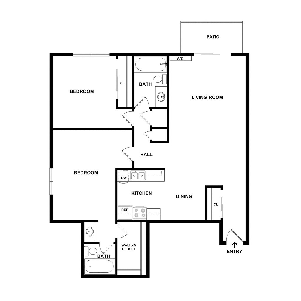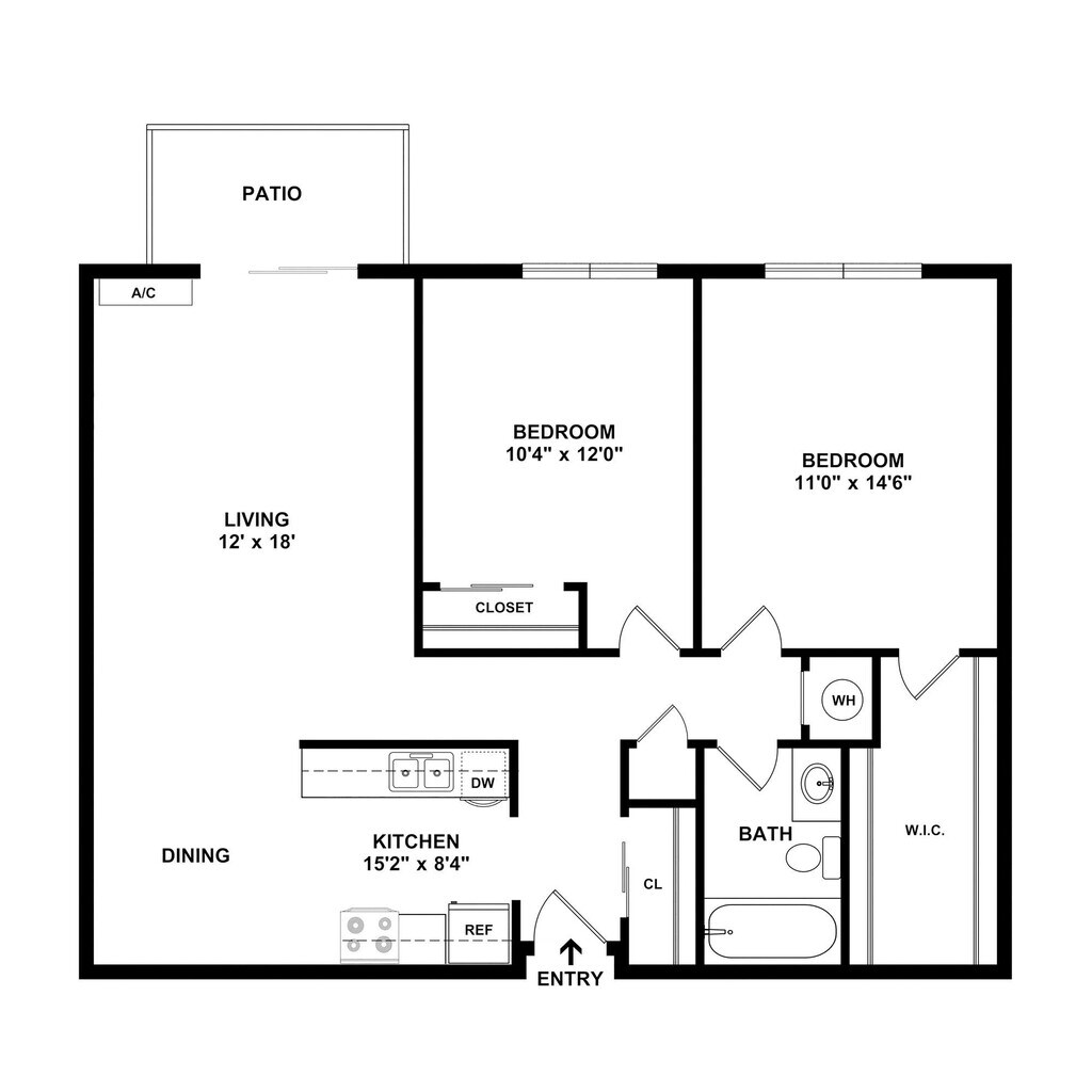 A2 - Cottonwood - Floorplan 3 2 Bedrooms
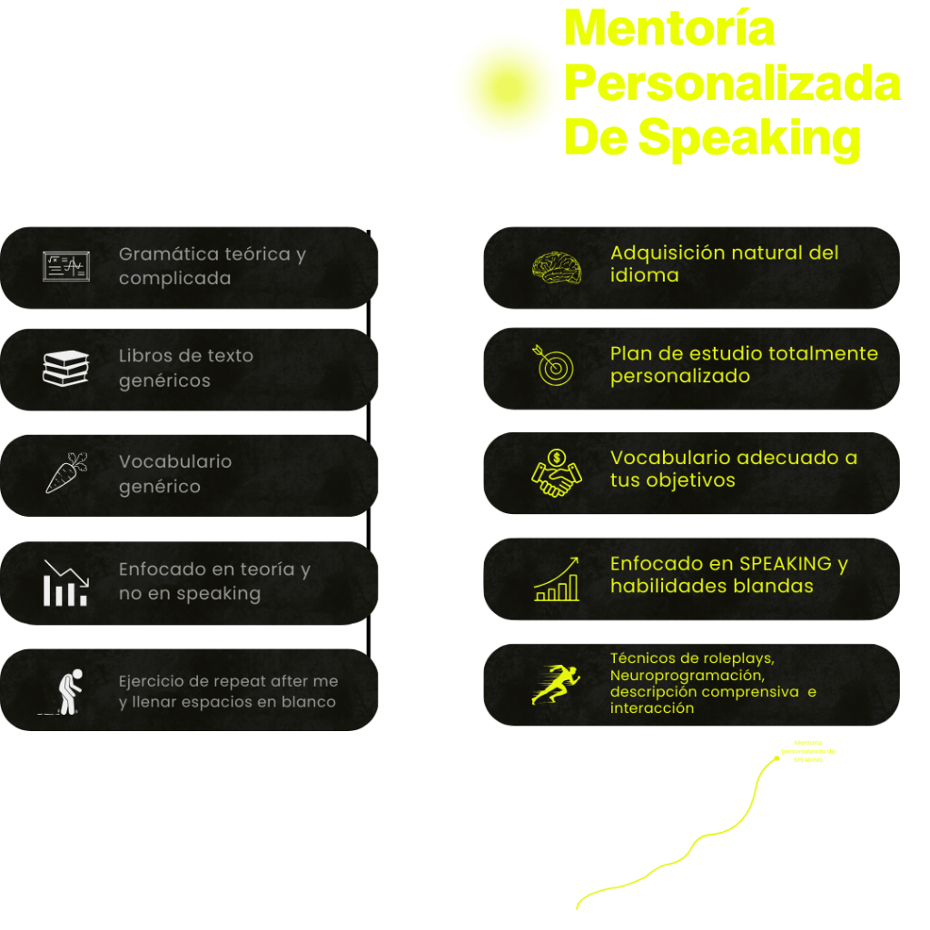 De todo un acompañamiento con un enfoque personalizado PARA HABLAR INGLÉS. Un proceso enfocado 100% en el SPEAKING.
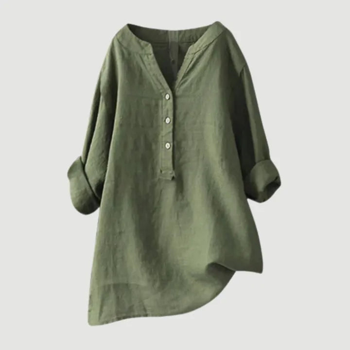 Dieses luftige Leinenhemd sorgt für ein angenehmes Hautgefühl - selbst an warmen Tagen. Der V-Ausschnitt mit Knopfleiste verbindet Eleganz und Alltagstauglichkeit. Der lockere Schnitt fällt weich über die Hüften und sorgt für eine schmeichelhafte Silhouette.
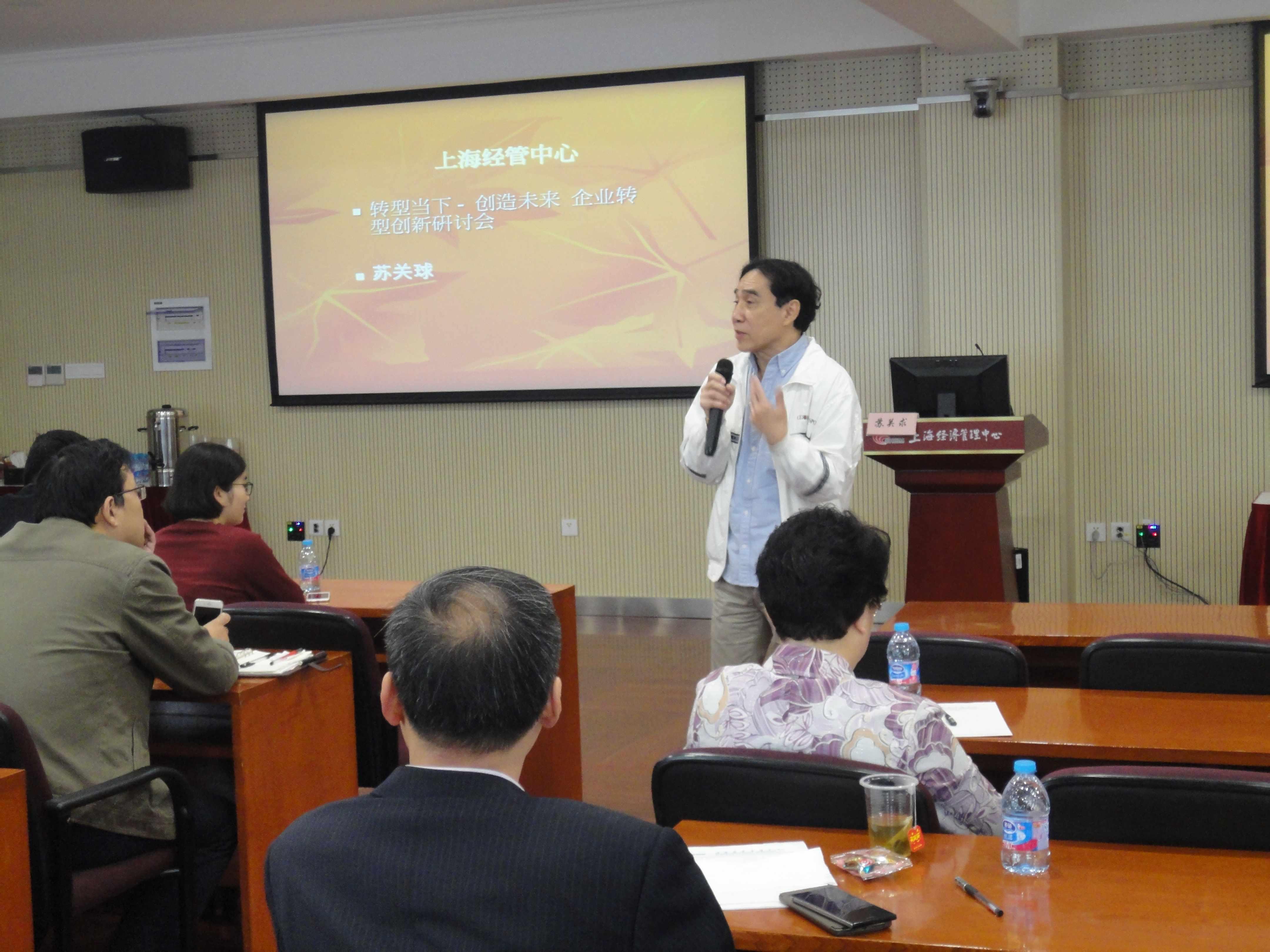 2016年11月19日上午9时30分,由ac米兰官网中文网站上海经济管理中心和上海总工程师协会联合举办的2016年第三期“上经论坛”在延长校区科技楼817室如期举行。本次论坛的主题为“转型当下开创未来,企业转型的创新途径”,上海经济管理中心副主任,香港浸会大学教授、香港大学潘锦溪商业研究学院首席顾问、香港瑞安集团顾问苏关求先生担任本次论坛的主讲人,三十余位来自上海各界的企业家出席本次论坛。
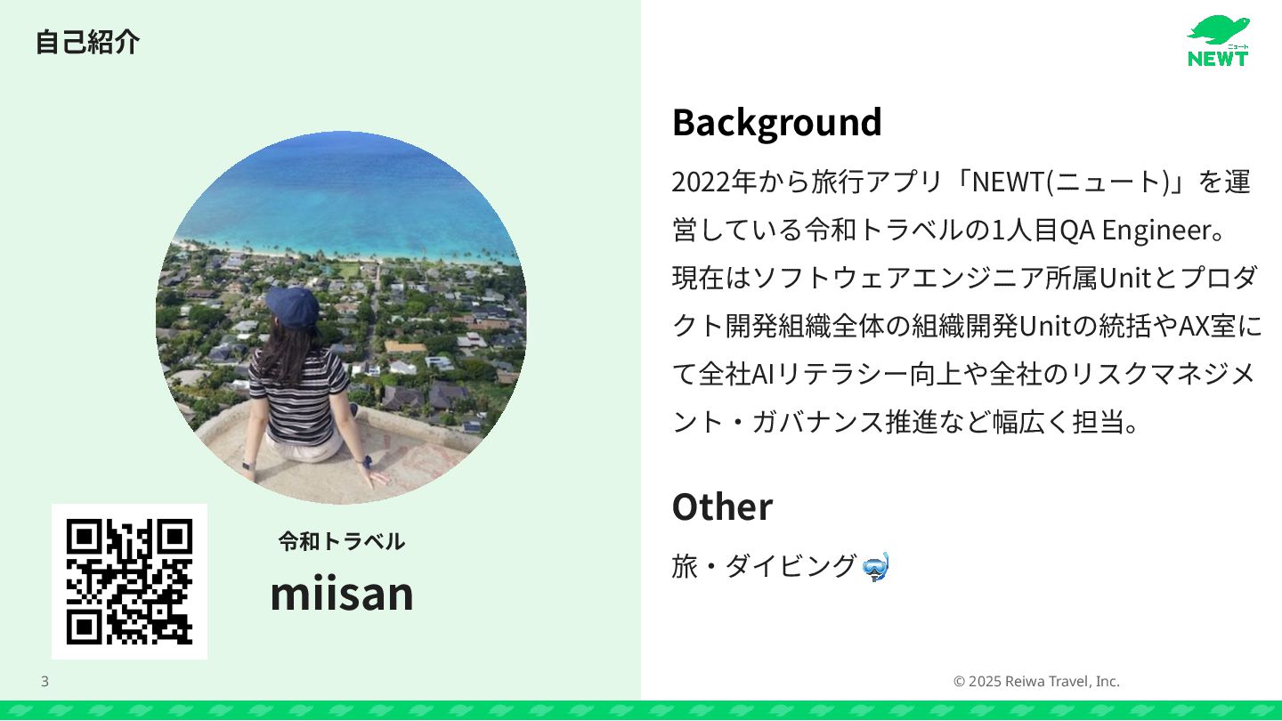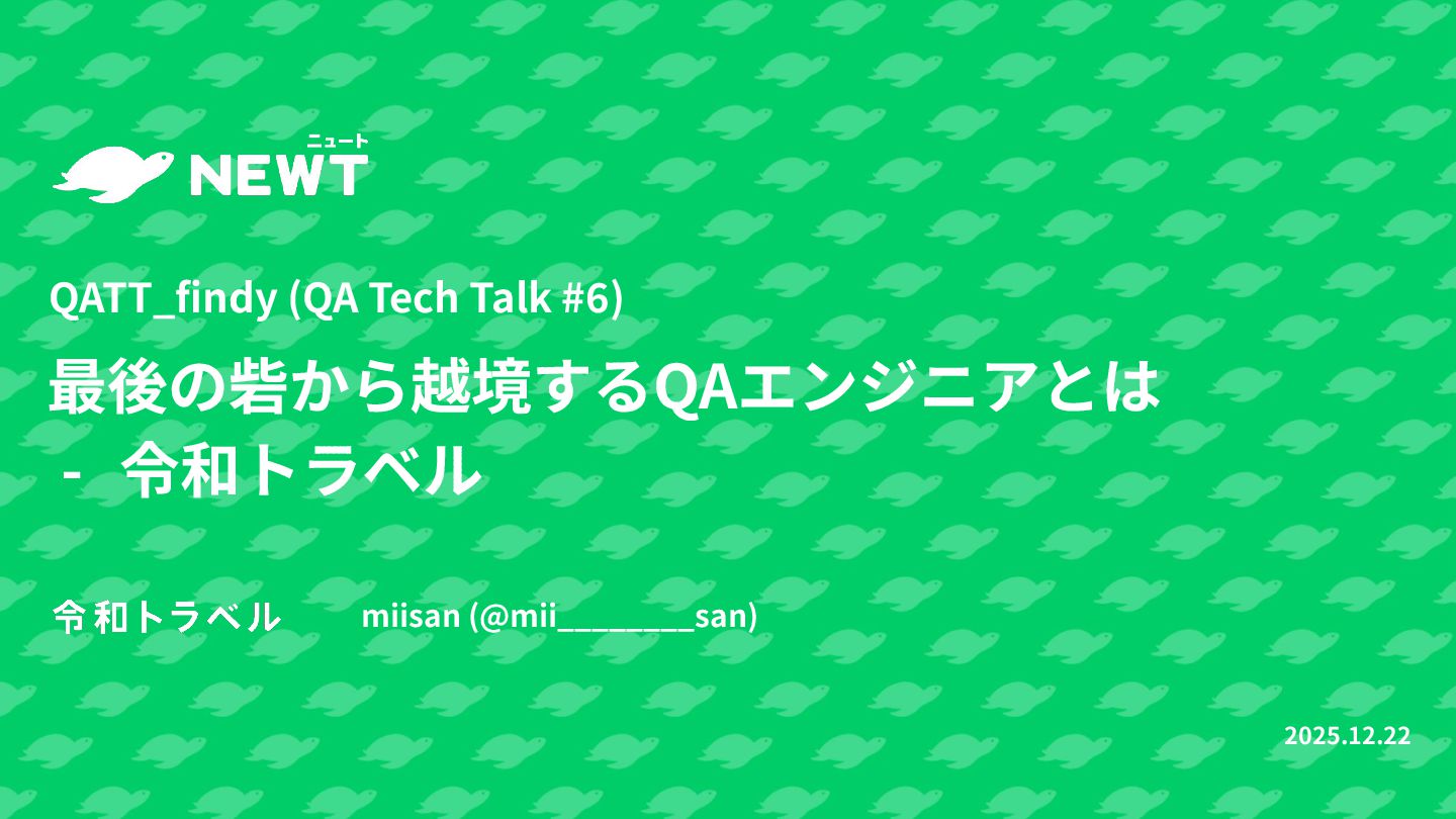 2025/12/22に開催された「最後の砦から越境するQAエンジニアとは AI開発と共に歩む、柔らかな挑戦」のLT登壇の発表資料です。 https://findy.connpass.com/event/376692/
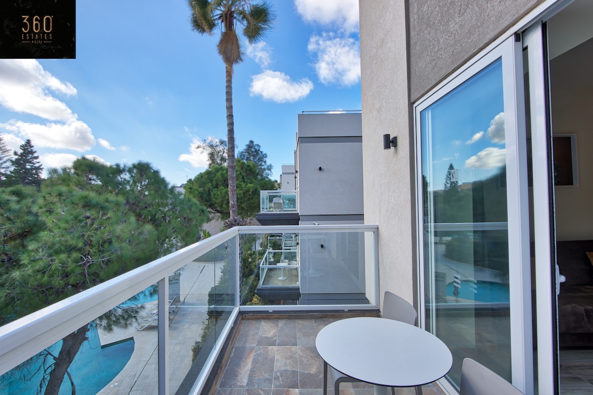 Ovaj luksuzni jednosobni stan nudi miran pogled na sjeverozapad s predivnim zalascima sunca prema Gozu. Prozori od poda do plafona otvaraju se na privatni balkon s pogledom na more. Uživajte u elegantnom dnevnom boravku s kaučem na razvlačenje, potpuno opremljenoj kuhinji, mirnoj spavaćoj sobi i modernom kupatilu. Gosti imaju besplatan pristup bazenu i spa centru u tornju Mercury i uživaju u sadržajima kao što su restorani, teretana i tržni centar za udoban i opuštajući boravak u St. Julian'su.
• • • • •
When you reach the line with "De todo un acompañamiento" in the records above, start writing out each line exactly, and stop after the line with "Dieses luftige Leinenhemd". Pictures stay out.

• Response to the task
 De todo un acompañamiento con un enfoque personalizado PARA HABLAR INGLÉS. Un proceso enfocado 100% en el SPEAKING.
 Dieses luftige Leinenhemd sorgt für ein angenehmes Hautgefühl - selbst an warmen Tagen. Der V-Ausschnitt mit Knopfleiste verbindet Eleganz und Alltagstauglichkeit. Der lockere Schnitt fällt weich über die Hüften und sorgt für eine schmeichelhafte Silhouette.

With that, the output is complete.